What to do when it's too wet

KEN FIDLIN, SUN MEDIA

, Last Updated: 9:48 AM ET

OAKVILLE -- Whether you're playing a two-dollar game with your sand-bagging buddies or competing in the Canadian Open, nothing ruins a good day of golf like a rain delay.

And if you're out with your friends and the skies open up, you can just bag the rest of the round. In the Canadian Open? Not so much.

"You just find a good chair and sit back," said Retief Goosen, who looks and acts like a guy who doesn't have to be pushed too hard to kick back and relax.

And that's what he did yesterday for about seven and a half hours, between his last putt on the 12th green and his booming tee shot on 13.

"Thirteen hours from tee-off to finish," said Goosen. "It's been a long day. I've been up since 4:30 (a.m.), with jet lag."

He survived none the worse for wear, with a round of seven-under-par 65, his re-start energized by an eagle at the 13th.

In contrast to Goosen, Mike Weir didn't fare so well. At one point after the rain delay, he caught lightning in a bottle for a few holes and sat at four-under-par with seven holes remaining. Unfortunately, he couldn't bring it home, cursed by three bogeys in his final seven holes to finish with a 71.

"It was kind of like the U.S. Open: Hard to get any rhythm out there," Weir said.

"It was tricky, not what we wanted for this event. It's playing soft and it's kind of a dart show and that's too bad because the course was in really peak condition (before the rains)."

Weir found it a bit taxing to fill the hours between shots.

"I had a tough time finding my rhythm for some reason," he said. "Maybe it was all the waiting around, getting warmed up, then pushed back another hour. We're creatures of habit a lot of the time, so maybe that was part of it."

Like Goosen, Scott Verplank seems a laid-back kind of guy who lets the day come to him rather than the other way around.

"Obviously, the seven-and-a-half hours, you don't have your mind on golf," he said.

"You try not to. You just sit around, go to the (fitness) trailer a couple of times, stretch. I saw a lot of guys working out. I ate two or three meals, which everybody did.

"If you play out here long enough, you're going to have some days like this so you figure out what to do and just go with it."

What do you do with a bunch of lemons? Why, you make lemonade.

"You know, I felt a little shaky with the putter (in the morning) on the first three holes where I had decent looks at birdie," Verplank said. "Then I got two or three hours of putting on the putting green and kind of got it worked out."

CAUGHT FIRE

Joe Durant also caught fire after the break and his 65 included a hole-in-one at the seventh, 147 yards over a pond.

"It's been a long time since I made one," he said. "Gosh, six or seven years ago probably. I was a little stunned. I hit a good shot. It was going to be close, but for it to go in involves a little luck, too."
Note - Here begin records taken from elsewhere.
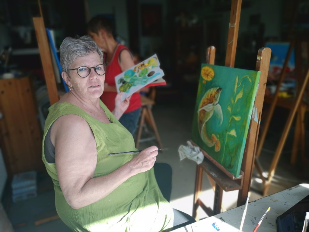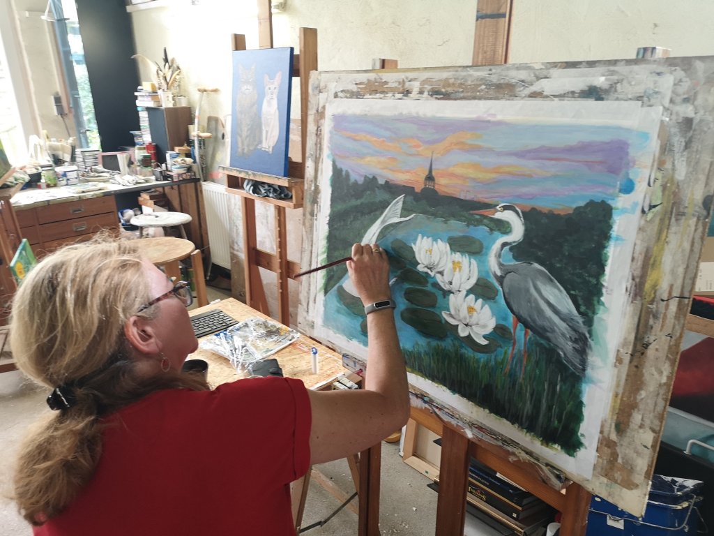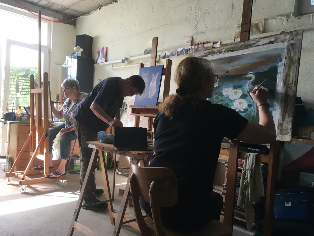 Sandra had verwacht meerdere schilderijen in een week te kunnen maken. Als beginner had ze zich niet gerealiseerd dat het best veel tijd kost om een goed schilderij op te zetten. Dat is een van de vele dingen die ze geleerd heeft zo vertelt ze na afloop. Haar mede-cursist Jolanda, die ook nog niet veel ervaring had, ontdekte dat ze wat schilderen betreft meer geduld heeft dan ze ooit van zichzelf gedacht had. ‘Ik vind het heerlijk om een schilderij laagje voor laagje op te bouwen. Voor mij voelt het als een meditatie. Ik word er zen van. Kleuren mengen, lekker roeren en zo mijn hoofd leeg maken’.Jolanda vond het ook heerlijk om samen te schilderen. ‘Een overzichtelijk aantal van zes mensen.
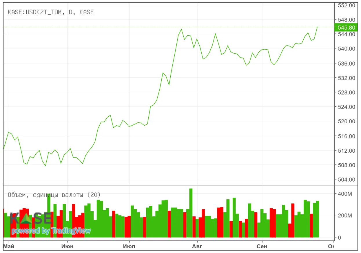 По итогам биржевых торгов пятницы курс USD/KZT вырос до 544,45 тенге за доллар (+2,64 тенге). При этом торговая активность на рынке удерживается на высоком уровне: совокупный объём торгов составил 334,4 млн долларов против 314,3 млн долларов днём ранее. Покупки инвалюты могли происходить за счет таких внутренних факторов, как оплата импорта, обслуживание внешних обязательств, ухудшение инфляционных и курсовых ожиданий. Дополнительное давление мог оказать пересмотр Министерством экономического развития РФ прогнозного курса USD/RUB в сторону повышения, до 92,6 рубля за доллар.
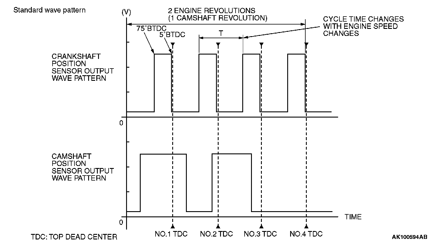 - Rectangular wave pattern is output even when the engine is not started.
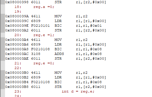 之前一直以为位域的操作就像变量的读写操作一样,同MOV指令一样一条指令搞定,结果不是。
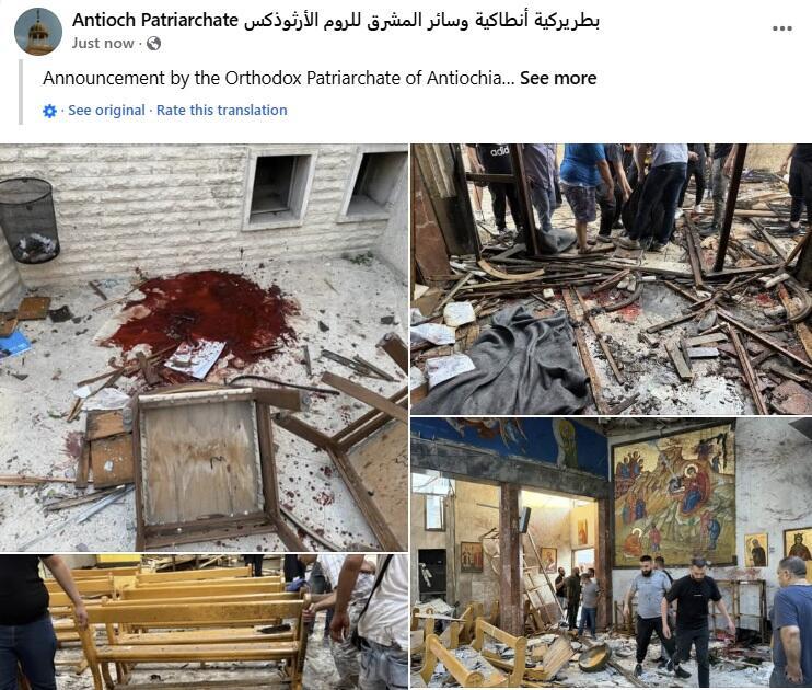 On Sunday, a suicide bomber entered St. Elias Antiochian Orthodox Church and detonated while a service was happening, killing at least fifteen - according to early reports (alongside possibly a second attacker) - and leaving many more wounded. The church is now a bloody mess, and personnel at the scene have struggled to identify body parts.
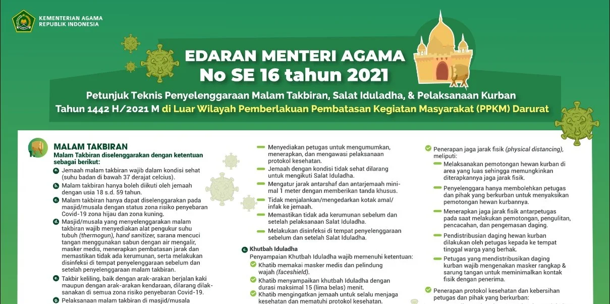 | Surat Edaran Menteri Agama Nomor 16 Tahun 2021 Tentang Juknis Qurban Takbiran dan Shalat Idul Adha 2021. Dok. Kemenag.go.id |
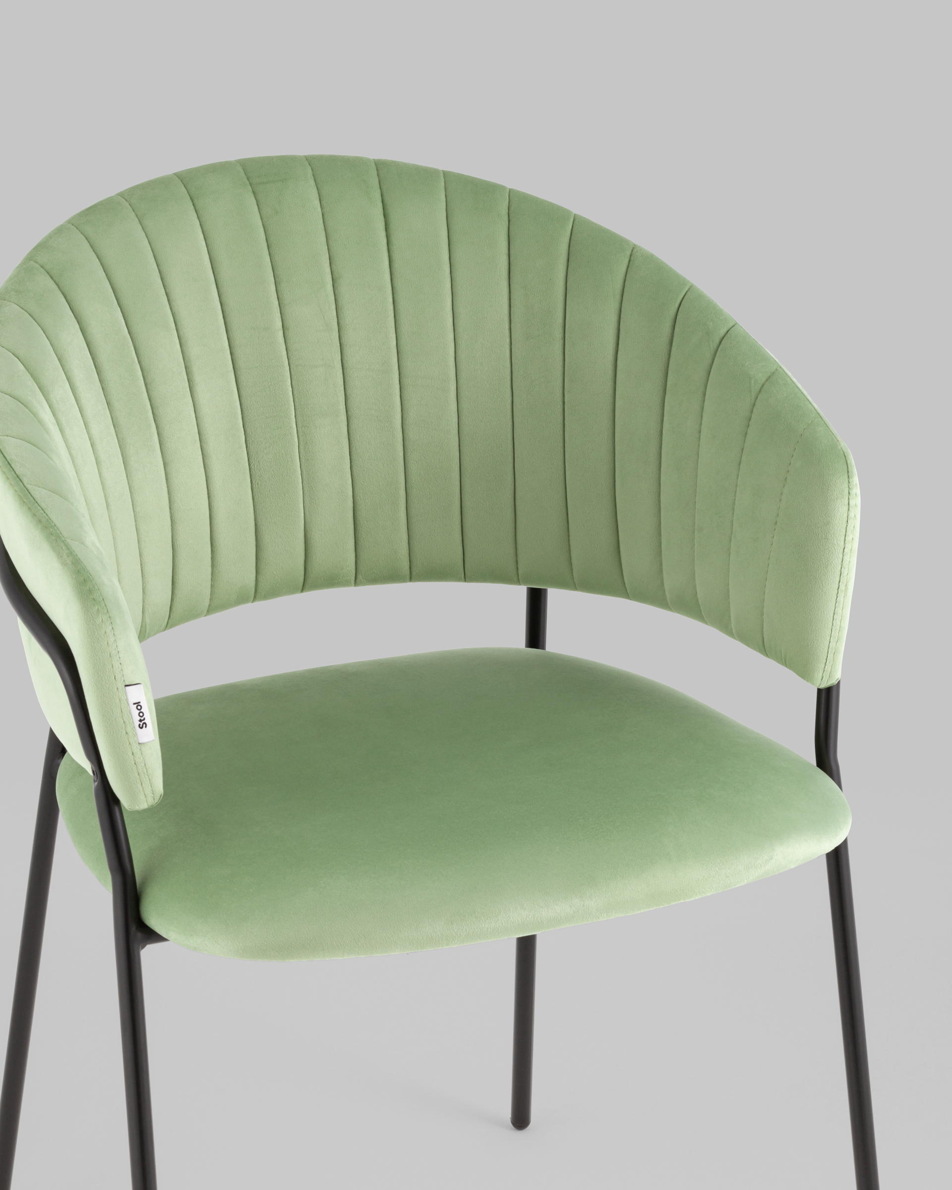 Стул с подлокотниками Бруно велюр фисташковый ножки черные металл
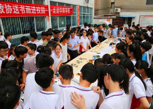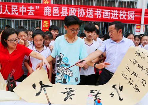 中華龍都網(wǎng)訊(周口報(bào)業(yè)全媒體記者 李瑞才 通訊員 孫廣合 胡洪濤)6月26日上午,鹿邑縣政協(xié)和縣文聯(lián)聯(lián)合開展“到人民中去”送書畫進(jìn)校園活動(dòng),組織10余位知名書畫家走進(jìn)校園,現(xiàn)場(chǎng)揮毫潑墨,為師生義寫字畫。
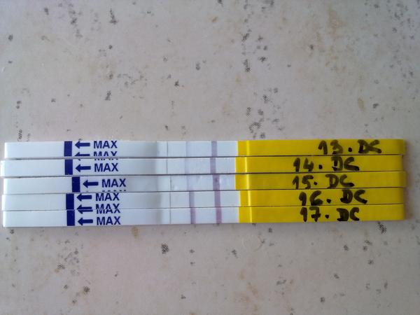 ten prvý test je 10 DC a ten druhý je dnešný 11 DC, čo myslíte je pozitívny???? Minulý mesiac som mala pozitívny ovulačný test až na 12 DC. manžel príde až v piatok večer, takže to asi nestíhame ☹
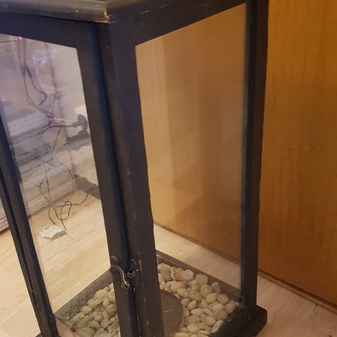 Stor ljuslykta i trä, taket är i plåt
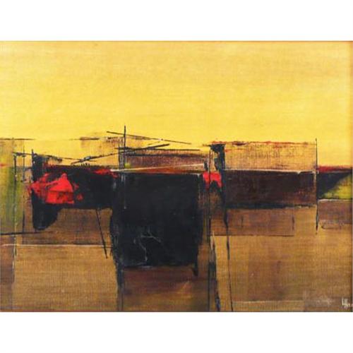 Lawrence Harris (b. 1937) Abstract Oil on Board Signed lower right '63 11" x 15"

At least guys such as Weir and Goosen and Durant got a chance to play yesterday. Pity the one-third of the field that didn't even get to hit a shot that counted. As long as the rains stay away today, many of them will get their fill today, playing perhaps as many as 36 holes.

It's all about luck.

"I'll probably not tee off until 6:30 (tonight)," Weir said. "If it's a good day, those guys will have a nice advantage."

And that's what it all comes down to, doesn't it? Turning a lousy break into an opportunity.